Favorite book when you were a child:
The Three Musketeers by Dumas. Everything I know about 17th century France I know from that book and the four sequels that followed. I read it so many times as a kid that I could recite pages–long passages from it by memory, in Russian!
Your top five authors:
Truman Capote, whose In Cold Blood is a perfect book. C.S. Lewis because, among other things, he is so funny. Dostoyevsky because no one is more thought-provoking about the human condition. E.M. Forster because he writes so longingly about love. And Steve Martin for his lucid and personal prose about loneliness; Shopgirl is one of my favorite contemporary novels.
Book you’ve faked reading:
The Corrections by Jonathan Franzen, though not that many people care, frankly. I don’t know why I pretend I’ve read it.
Book you’re an evangelist for:
Lolita.
Book you’ve bought for the cover:
Never. No, I lie. Cookbooks and biographies I buy on sight.

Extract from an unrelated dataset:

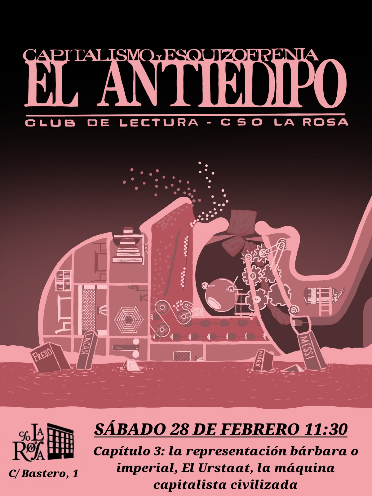Grupo de lectura de El Antiedipo de Gilles Deleuze y Félix Guattari. En la novena sesión trabajaremos los tres siguientes epígrafes del capítulo 3: la representación bárbara o imperial, El Urstaat, la máquina capitalista civilizada (hasta la página 247 en la edición de Paidós).

Book that changed your life:
East of Eden by John Steinbeck. I was so desperately involved in it and when I finished, I cried on the London tube. I thought if only I could one day write something that would have one-tenth of the effect this book had on me, I’d consider my life well spent.
Favorite line from a book:
“Either we live by accident and we die by accident. Or we live by plan and die by plan.”–From Thornton Wilder’s Bridge over San Luis Rey.
Book you most want to read again for the first time:
Forster’s A Room with a View. Just so I could re-live her deliciously reluctant falling in love with him.